Categories: Entertainment
    • Born: May 29, 1904
    • Died: September 28, 1948, of a coronary thrombosis
    • Height: 5'1"
    • Parents: Jennie and Frank Toland
    • Was an office boy at William Fox Studios at the age of 15
    • The youngest cameraman in Hollywood during the 1930s
    • Earned as much as $200,000 over a three year period
  • Gregg Toland was an influential Hollywood cinematographer during the 1930s and '40s. He was nominated for five Oscars, with a win in 1940 for his work on William Wyler's Wuthering Heights.
  • Creative Freedom on Citizen Kane

    Toland preferred to take jobs that allowed him to experiment with different styles of photography. Orson Welles encouraged him to be creative during production of Citizen Kane, and the two are widely credited with popularizing the use of deep focus photography, which uses lighting techniques to keep several elements of the frame in focus at the same time.

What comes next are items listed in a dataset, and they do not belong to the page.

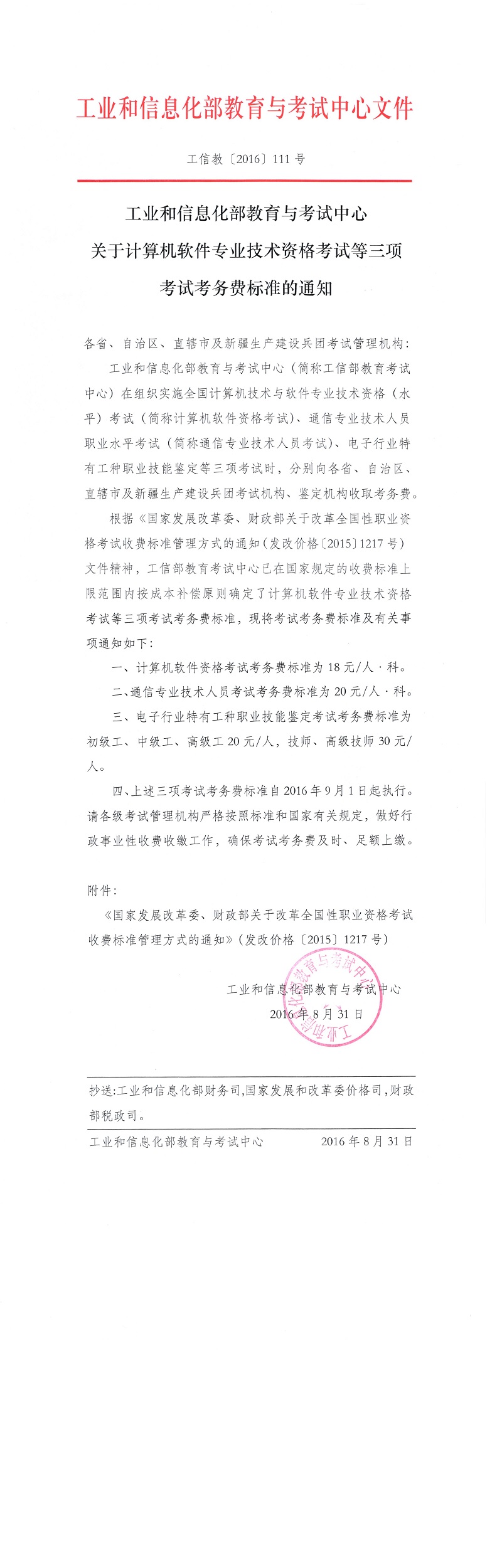 工業(yè)和信息化部教育與考試中心關(guān)于計算機軟件專業(yè)技術(shù)資格考試等三項考試考務(wù)費標準的通知
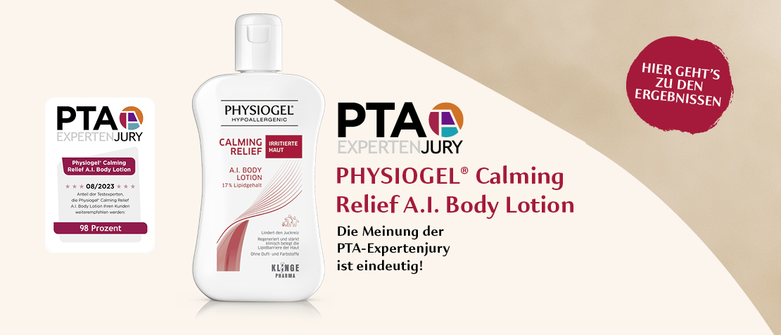 Vom 1. bis 14. September hatten 1000 Testexpert* innen die Möglichkeit, Physiogel® Calming Relief A.I. Body Lotion zu testen. Die Calming Relief-Linie beruhigt und pflegt empfindliche Haut. Speziell für gereizte und irritierte Haut eignen sich die A.I. Produkte: A.I. steht für Anti Irritationen. Diese Reihe umfasst neben der Body Lotion noch eine Handcreme, eine Creme und einen Lipidbalsam (steigender Lipidgehalt). Die Produkte sind ohne Duft- und Farbstoffe und auch bei zu Neurodermitis neigender Haut geeignet. Insgesamt 830 PTA beurteilten die Lotion für irritierte und juckende Haut.
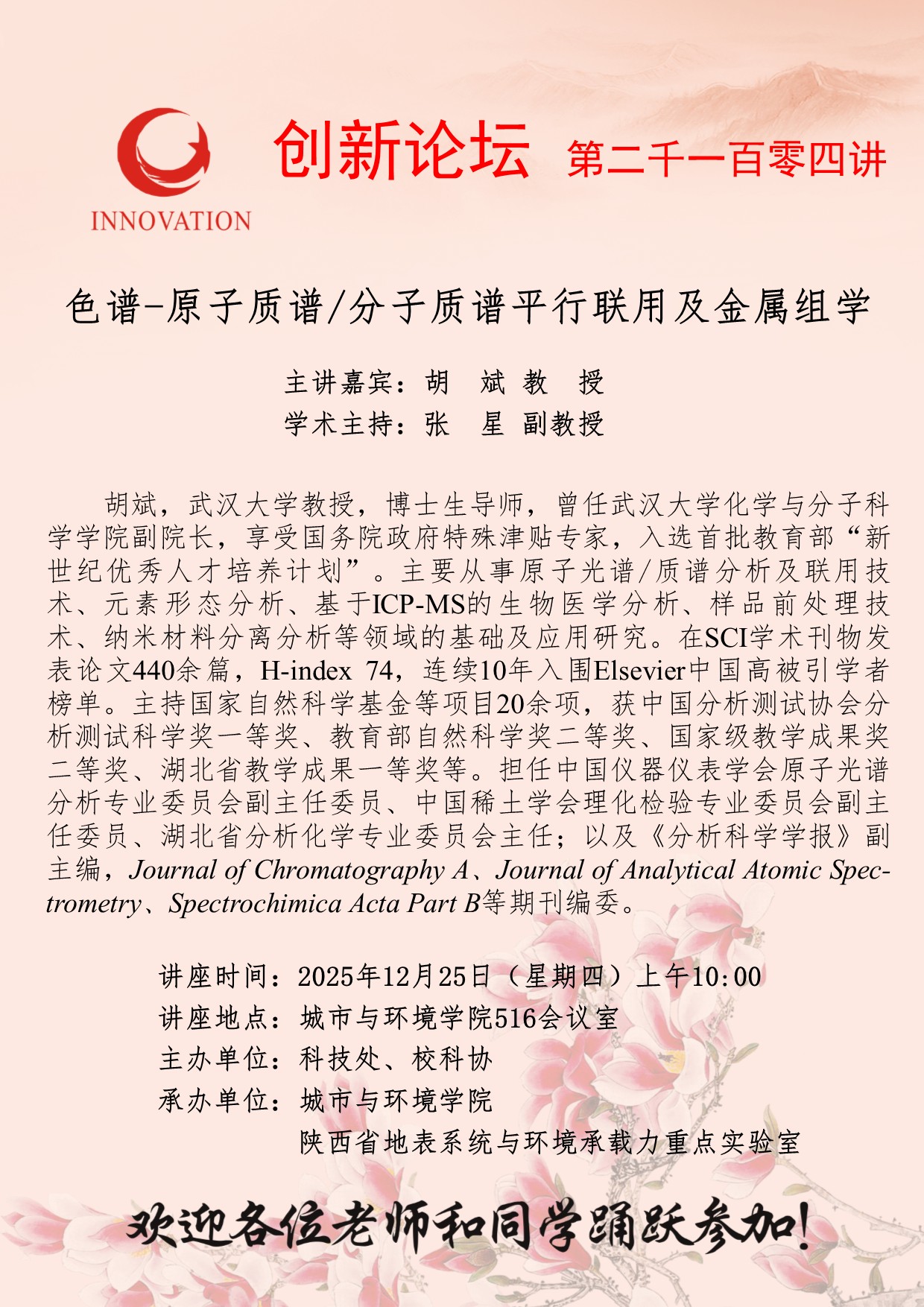 胡斌 教授 乐鱼网页版页面登录创新论坛第二千一百零四讲:色谱-原子质谱/分子质谱平行联用及金属组学 讲座时间 2025年12月25日(星期四)上午10:00 讲座地点 城市与环境学院516会议室 讲座人介绍 胡斌 教授 讲座内容
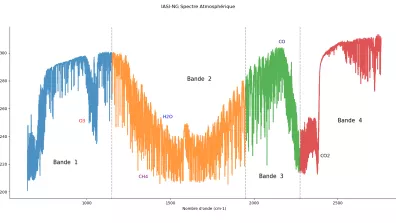 IASI-NG produit des spectres, des courbes, à partir du rayonnement infrarouge émis par la Terre. Ceux-ci renseignent sur la colonne d’atmosphère que les infrarouges ont traversé. Lors de leur traversée, les rayons infrarouges interagissent en effet avec les molécules de gaz (voire des fines poussières) qu’ils rencontrent. Ils sont soit absorbés, soit réémis. Ce qui forme dans le spectre des creux et des bosses que l’on sait attribuer, selon la longueur d’onde, à telle ou telle molécule. On (enfin, les spécialistes) peut donc en déduire quelle molécule (dioxyde de carbone, vapeur d’eau, ozone, dioxyde de souffre…) est présente, entre le sol et le sommet de l’atmosphère, à quelle altitude et en quelle quantité.

    Toland designed the cameras and lenses used on the film himself, closed the aperture and used very bright light and fast film stock to achieve the effect.

    At the time of his death in the late 1940s, Toland was in development of an "ultimate focus" lens, which would make sharp focus and depth of field more manageable on set.

    Toland said that working on Citizen Kane was "the most exciting professional adventure of [his] career."